Please restate each line of the material word for word and omit any pictures.

_Data provided:_
[Start of section]
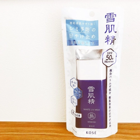 33年も愛されているブランド、『雪肌精(せっきせい)』。“白い肌より雪の肌”とキャッチフレーズにあるように、美白を意識した化粧品ブランドです。雪肌精シリーズにラインナップしている「ホワイトUVミルク」3,000円(税抜)は、さらさらとしたテクスチャーで塗りむらになりにくい乳液タイプ。ハトムギ成分が配合されていて、敏感な肌が荒れるのを防ぎます。日焼けによるシミとソバカスも予防!ウォータープルーフなのに普段通りの洗顔料とボディソープでオフできるのも魅力です。
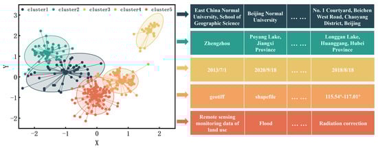 Based on Matplotlib, the clustering results were plotted as shown in Figure 9. In the flood dataset, the 359 extracted metadata information items were divided into five clusters. With a confidence level of 90% for the centroids, the majority of the information was covered. According to Figure 9, each cluster contained metadata information that categorized the flood dataset into five main themes: Cluster 1 represents contact information, cluster 2 represents location information, cluster 3 represents time information, cluster 4 represents format information, and cluster 5 represents content information.
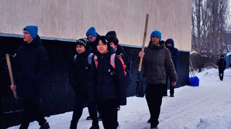«Наши школьники любят участвовать в таких общественно значимых мероприятиях. Сегодня учащиеся 9, 10 и 11 классов очистили от снега территорию детского сада «Алтын дән», расположенного рядом с нашим зданием, а также двор школы.
[End of section]
_Written solution:_
 33年も愛されているブランド、『雪肌精(せっきせい)』。“白い肌より雪の肌”とキャッチフレーズにあるように、美白を意識した化粧品ブランドです。雪肌精シリーズにラインナップしている「ホワイトUVミルク」3,000円(税抜)は、さらさらとしたテクスチャーで塗りむらになりにくい乳液タイプ。ハトムギ成分が配合されていて、敏感な肌が荒れるのを防ぎます。日焼けによるシミとソバカスも予防!ウォータープルーフなのに普段通りの洗顔料とボディソープでオフできるのも魅力です。
 Based on Matplotlib, the clustering results were plotted as shown in Figure 9. In the flood dataset, the 359 extracted metadata information items were divided into five clusters. With a confidence level of 90% for the centroids, the majority of the information was covered. According to Figure 9, each cluster contained metadata information that categorized the flood dataset into five main themes: Cluster 1 represents contact information, cluster 2 represents location information, cluster 3 represents time information, cluster 4 represents format information, and cluster 5 represents content information.
«Наши школьники любят участвовать в таких общественно значимых мероприятиях. Сегодня учащиеся 9, 10 и 11 классов очистили от снега территорию детского сада «Алтын дән», расположенного рядом с нашим зданием, а также двор школы.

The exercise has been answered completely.